Saturday, August 1, 2020

The Early Christians - G. K. Chesterton


      God was not exactly dead after all; there trailed through the bewildered imagination some sort of fantastic procession of the funeral of God, at which the sun turned black, but which ended with the dead omnipotence breaking out of the tomb and rising again like the sun.

     But it was not the strange story to which anybody paid particular attention; people in that world had seen queer religions enough to fill a madhouse.

     It was something in the tone of the madmen and their type of formation. They were a scratch company of barbarians and slaves and poor and unimportant people; but their formation was military; they moved together and were very absolute about who and what was really a part of their little system; and about what they said.

     However mildly, there was a ring like iron.  Men used to many mythologies and moralities could make no analysis of the mystery, except the curious conjecture that they meant what they said.

     All attempts to make them see reason in the perfectly simple matter of the Emperor's statue seemed to be spoken to deaf men. It was as if a new meteoric metal had fallen on the earth; it was a difference of substance to the touch. Those who touched their foundation fancied they had struck a rock.

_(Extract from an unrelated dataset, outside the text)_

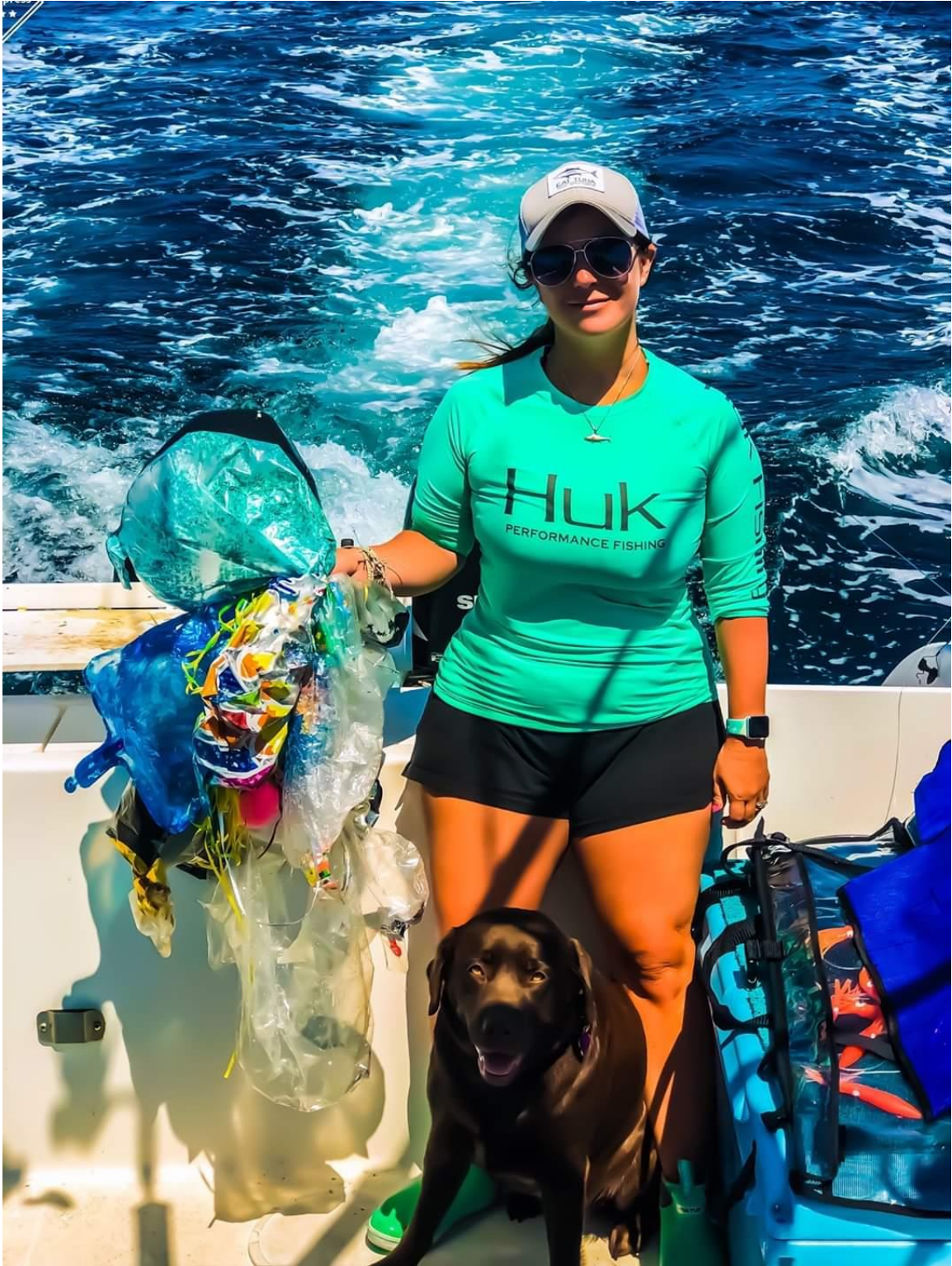
These 10 balloons were picked up by the boat Reel Lucky in the Baltimore Canyon on 7/16/19

     With a strange rapidity, like the changes of a dream, the proportions of things seemed to change in their presence. Before most men knew what had happened, these few men were palpably present.

     They were important enough to be ignored. People became suddenly silent about them and walked swiftly past them.

     We see a new scene, in which the world has drawn its skirts away from these men and women and they stand in the center of a great space like lepers.  The scene changes again and the great space where they stand is overhung on every side with a cloud of witnesses, interminable terraces full of faces looking down towards them intently; for strange things are happening to them.

     New tortures have been invented for the madmen who have brought the good news. That sad and weary society seems almost to find a new energy in establishing its first religious persecution.

     Nobody yet knows very clearly why that level world has thus lost its balance about the people in its midst; but they stand unnaturally still while the arena and the world seem to revolve round them.

     And there shone on them in that dark hour a light that has never been darkened; a white fire clinging to that group, like an unearthly phosphorescence, blazing its track through the twilights of history and confounding every effort to confound it with the mists of mythology and theory; that shaft of light or lightning by which the world itself has struck and isolated and crowned it; by which its own enemies have made it more illustrious and its own critics have made it more inexplicable; the halo of hatred around the Church of God.

    From The Everlasting Man, by G. K. Chesterton, Chapter 8, "The End of the World."